River revitalizations have been propagated in the last decades in Europe in order to combine flood protection and ecological enhancement. Although the wider public generally supports river revitalizations, implementations of projects often meet local resistance (Junker et al., 2007). This has also to do with the fact that local population's wishes and needs are normally not considered in project planning (Buchecker et al., 2013). In our study, we developed different management scenarios for a middle-sized river in a peri-urban region and wanted to find out a) which management scenarios and management aspects the local population prefers and b) which socio-psychological factors influence these preferences. We conducted this study in the valley of the Wigger river, a peri-urban region in the Swiss midlands. Specific of the situation of this river is that two sections have already been revitalised in the last years, whereas a revitalization project is envisaged for two still channelled sections. Based on a qualitative pre-study, a standardised questionnaire that included eight illustrated river management scenarios was sent to a random sample of the regional population (N=2500) as a basis for river management planning as well as a baseline for evaluating the project. The questionnaire measured a wide range of influence factors for the river management scenarios such as place attachment, recreation use, attachment to the river, perception of the state and the meanings of the river, connectedness to nature, perceived flood risk and many socio-demographic items. The survey revealed that the river was, in spite of the strong channelling and the close-by motorway, perceived by the population as quite intact and that the paths along the river were intensively used for recreation. Non-the-less, the population showed strong support for high-level revitalisation alternatives. The influence factors for the preferences of the management alternatives will be analysed using regression analyses, and conclusions will be drawn for integrated river management in peri-urban regions.

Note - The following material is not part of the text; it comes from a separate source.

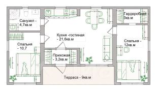 Общая площадь дома: 69 м²

Buchecker, M., S. Menzel, and R. Home. 2013. How much does participatory flood management contribute to stakeholders' social capacity building? Empirical findings based on a triangulation of three evalua-tion approaches." Natural Hazards and Earth System Sciences 13(6):1427-44.

Junker, B., Buchecker, M. and Müller-Böker, U., 2007: Objectives of public participation: Which actors should be involved in the decision making for river restorations. Water resources research, Vol. 43 (10), 1-11.